Fig. 2: Clone-specific immunophenotypes in an NPM1-mutated AML.
figure 2

A UMAP plot of ADT-seq expression of the 3,404 single-cells from sample PH11. Cells are colored according to the genotype. B Ridge plots showing CLR-transformed expression of eight ADT according to the genotype of the cell from the PH11 sample (only genotypes with >100 cells are displayed). C UMAP of ADT-seq expression of the 3404 single-cells from sample PH11. Cells are colored according to the CLR-transformed expression of four ADT markers. D Differentially expressed ADT between FLT3-mutated and other cells harboring at least one mutation (left), NRAS-mutated and other cells harboring at least one mutation (middle), cells with at least one mutation, and cells without any mutation (right). The size of the difference is evaluated by the Effect parameter of Aldex2, which is displayed only for differentially expressed ADT (adjusted p value <0.05).
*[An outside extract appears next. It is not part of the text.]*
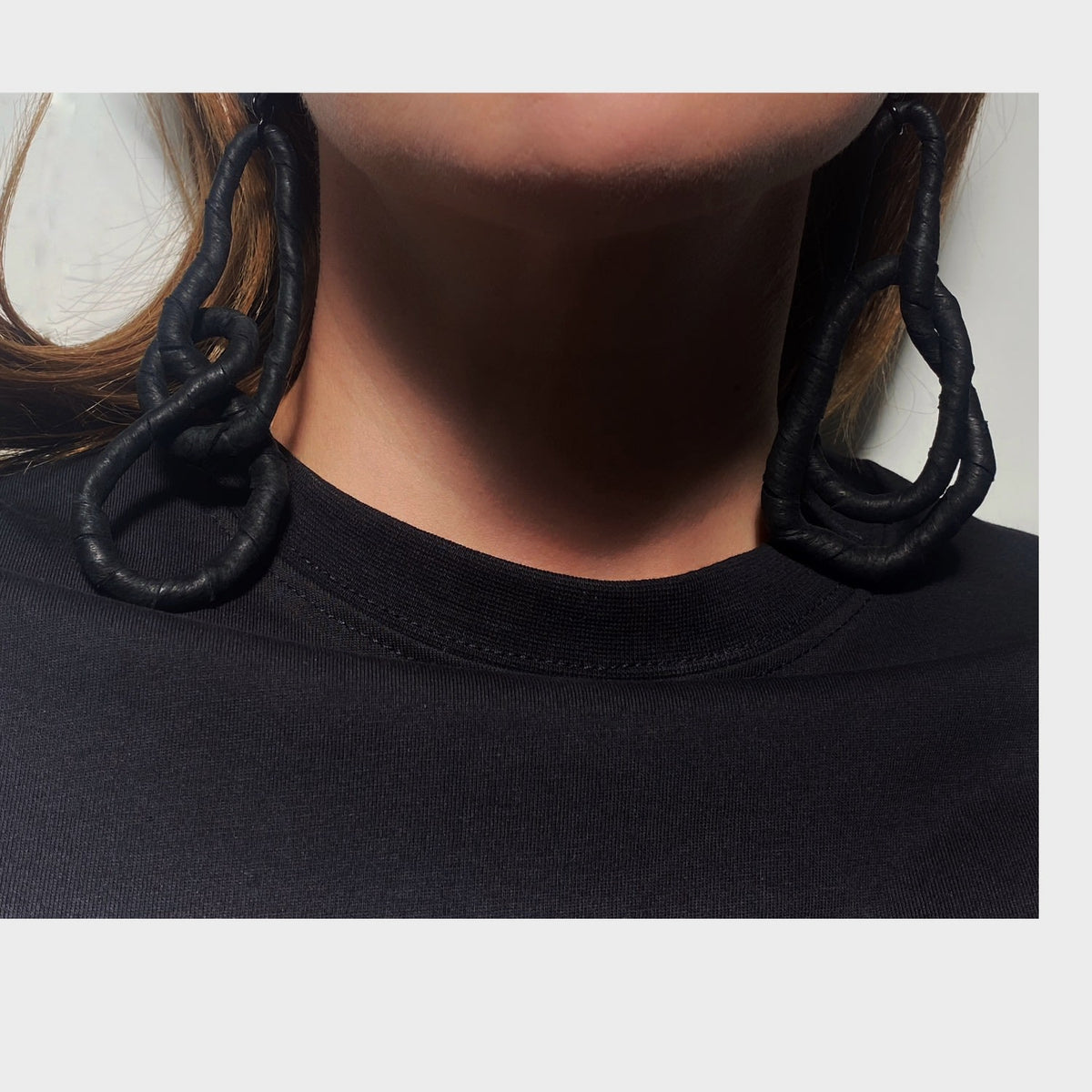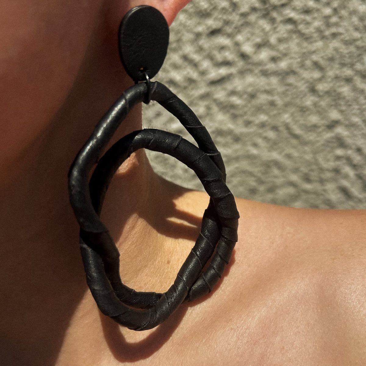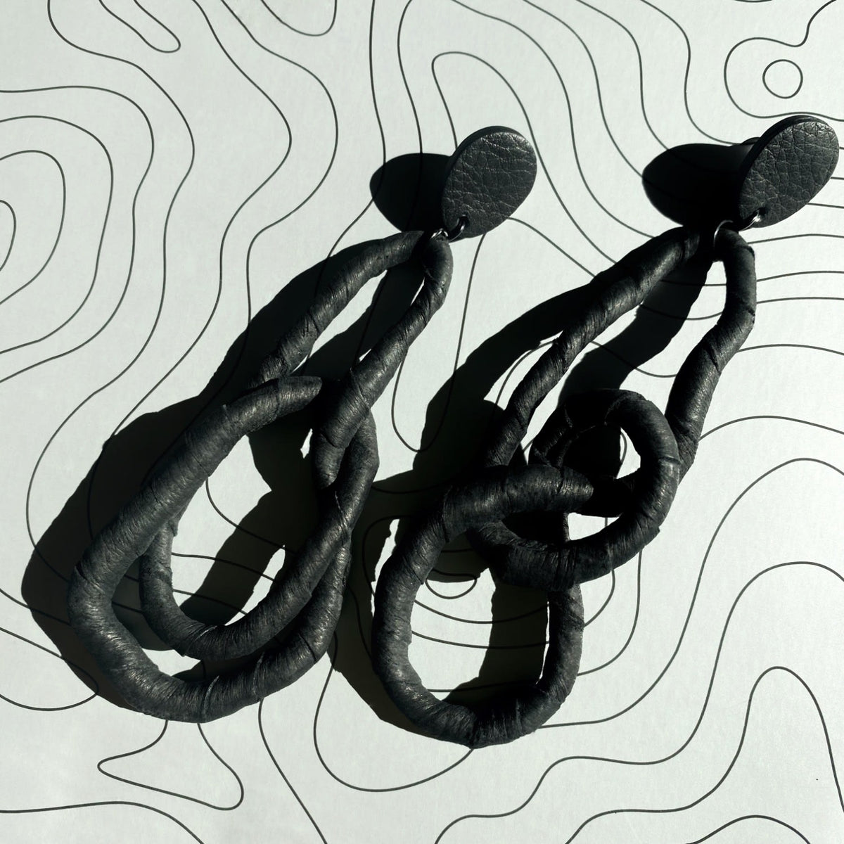 These earrings are made from a flexible wire wrapped in soft black leather. They feature a long, dangle-wrap design and are lightweight.

E Gating strategy for FACS sorting monocyte-like leukemic cells (Boolean: Myeloid cells and HLA-DR+ and CD38+ and CD117− and CD7− and CD13−). Lymphocytes are colored black, monocyte-like cells are colored yellow, and other leukemic cells are colored blue. F Variant allelic fractions of the specified mutations on leukemic bulk (gray) and the sorted monocyte-like population (yellow).